Print exactly the first lines of the records. Stop after the line containing "관련 업체들이 너나 할", and leave every picture out.

━━━━━━━━━━━━━━━━

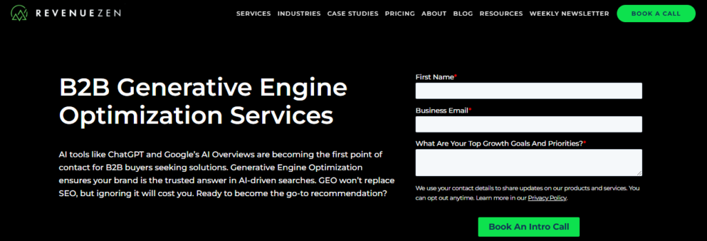 RevenueZen is a B2B SEO and content agency that focuses on structured, intent-driven growth. Their take on GEO is a little different from most. They start with a question many agencies skip: how clearly is this brand actually being described across AI platforms?
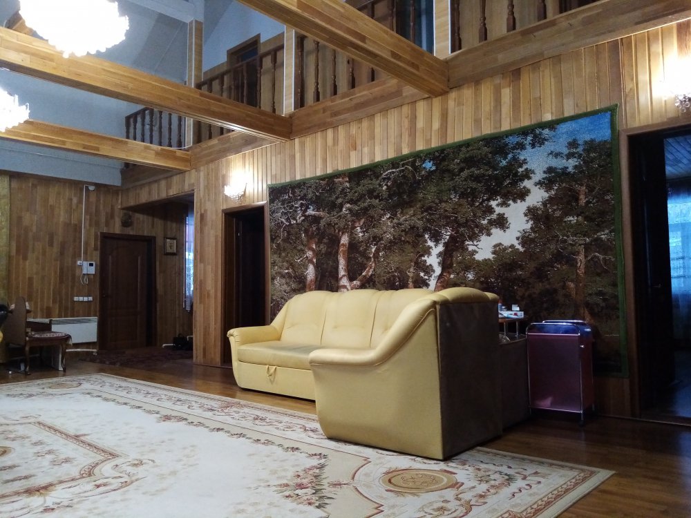 Цокольный этаж: финская баня, бассейн 4*5 м, глубина 2,5 м, комната отдыха, туалет, душевая; бойлерная, котельная, рассчитанная на 3 вида топлива, место для хранения овощей, выгребная яма.
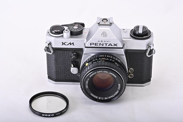 full mechanical SLR body with standard prime lens SMC Pentax-M 1:2/50mm and UV filter, normal signs of use (B), in good working order, CLA 09/25 incl. new light seal
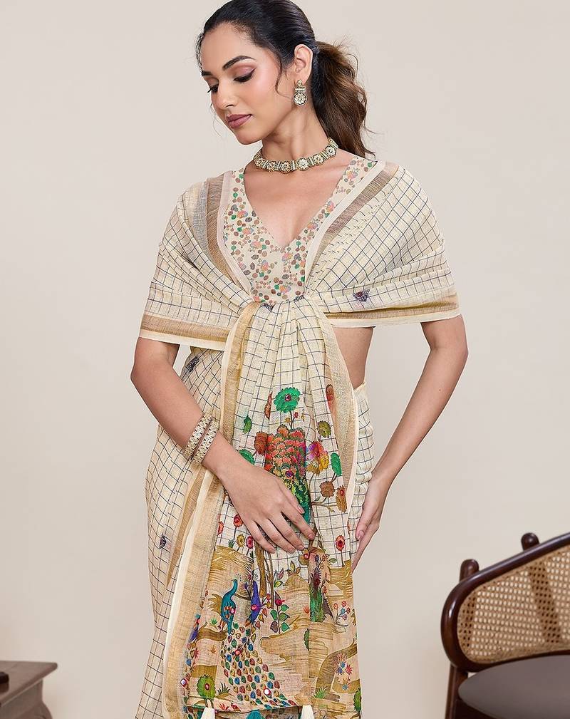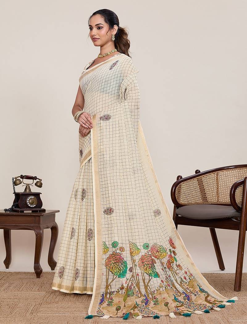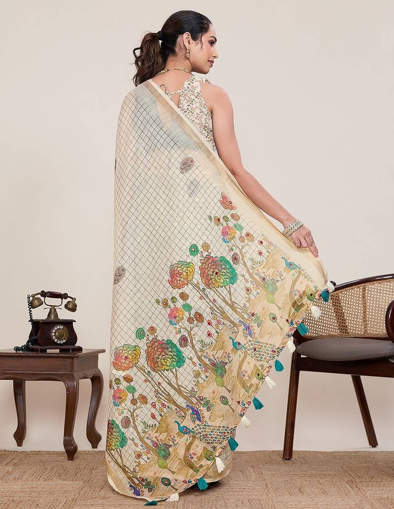 | Product Name | Cream Linen Printed Saree With Blouse | |
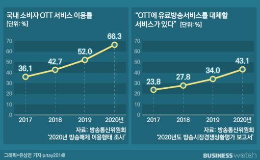 관련 업체들이 너나 할 것 없이 투자 행렬에 나선 것은 글로벌 기업의 무차별 공습 때문이다. 무엇보다 넷플릭스의 국내 시장점유율이 지난해 절반 이상을 넘으면서 관련 업계의 위기감을 고조, 투자 경쟁을 촉발시켰다.
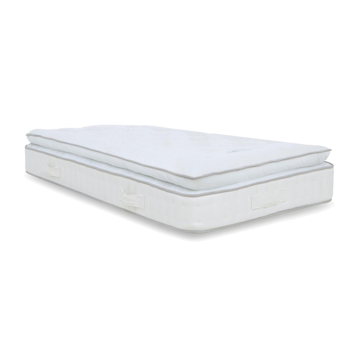 Sleep comes more naturally when your mattress is more natural. That’s the guiding philosophy behind our partnership with Harrison Spinks, master crafter of superior beds and mattresses. Our latest collaboration is the Pure collection. This suite of seven different mattresses puts the emphasis on pure, naturally cooling and responsibly sourced mattress fillings. These include British wool, hemp and flax grown on the Harrison Spinks Yorkshire farm, and even upcycled cashmere. Complemented by precisely engineered pocket spring systems and offering mattress tensions to perfectly suit every side, back and front sleeper, the Harrison Spinks Pure mattress collection promises better sleep in its purest form. Enjoy comfort that feels like a soothing embrace with our exclusive Harrison Spinks Pure Embrace mattress. Complete with a pillowtop, this premium mattress requires no turning. Why you'll love it A premium pillowtop mattress, the Harrison Spinks Pure Embrace mattress cocoons you in comfort. A no-turn mattress with 3,750 springs in king size for superior support and pressure relief. Features the award-winning Advanced CortecT M Quad pocket spring system. Designed for responsive support that adapts to your body to provide optimal spinal alignment. Plus 1,000 Posturfil pocket springs and a layer of 2,000 high-density micro springs. Springs work together to provide targeted pressure relief and plush-cushioned comfort. Cushioned with the most luxurious and sustainable naturally cooling and moisture-wicking fillings. Responsibly sourced and fully traceable British wool. Hemp and flax grown on the Harrison Spinks farm. Fire-retardant and chemical treatment-free wool-blend mattress cover is woven in-house. Hand-tufted. Finished with 2 rows of hand-side stitching for edge-to-edge support. Painstakingly handcrafted in Yorkshire. Made exclusively for Furniture Village. This pillowtop mattress is part of the Harrison Spinks Pure collection. What you need to know Mattress type: Pocket spring. Depth: 28 cm. Firmness: Available in medium and firm. King and super king sizes also available in dual tension. Springs: 3,750 pocket springs in king size, including high-density micro springs and Posturfil pocket springs. Pillowtop:Yes. Fillings: Wool, hemp and flax. Cover: Wool and viscose blend. Requires turning: No. Sizes:Single, small double, double, king and super king. Mattress care:Air for 4 hours before using to remove any odour. Allow at least 4 hours for springs to settle and for mattress to attain its full size. Indentations caused by settlement of fillings or body weight are normal and are not considered defects. If used on a slatted bed frame, the space between slats must be no wider than 7.5 cm. Spaces wider than this may cause excess dipping of the mattress and invalidate the guarantee. Always use a mattress protector. Rotate regularly. Item code: EMBRMT30R-001

━━━━━━━━━━━━━━━━

● **Response to the task**:
 RevenueZen is a B2B SEO and content agency that focuses on structured, intent-driven growth. Their take on GEO is a little different from most. They start with a question many agencies skip: how clearly is this brand actually being described across AI platforms?
 Цокольный этаж: финская баня, бассейн 4*5 м, глубина 2,5 м, комната отдыха, туалет, душевая; бойлерная, котельная, рассчитанная на 3 вида топлива, место для хранения овощей, выгребная яма.
 full mechanical SLR body with standard prime lens SMC Pentax-M 1:2/50mm and UV filter, normal signs of use (B), in good working order, CLA 09/25 incl. new light seal
 | Product Name | Cream Linen Printed Saree With Blouse | |
 관련 업체들이 너나 할 것 없이 투자 행렬에 나선 것은 글로벌 기업의 무차별 공습 때문이다. 무엇보다 넷플릭스의 국내 시장점유율이 지난해 절반 이상을 넘으면서 관련 업계의 위기감을 고조, 투자 경쟁을 촉발시켰다.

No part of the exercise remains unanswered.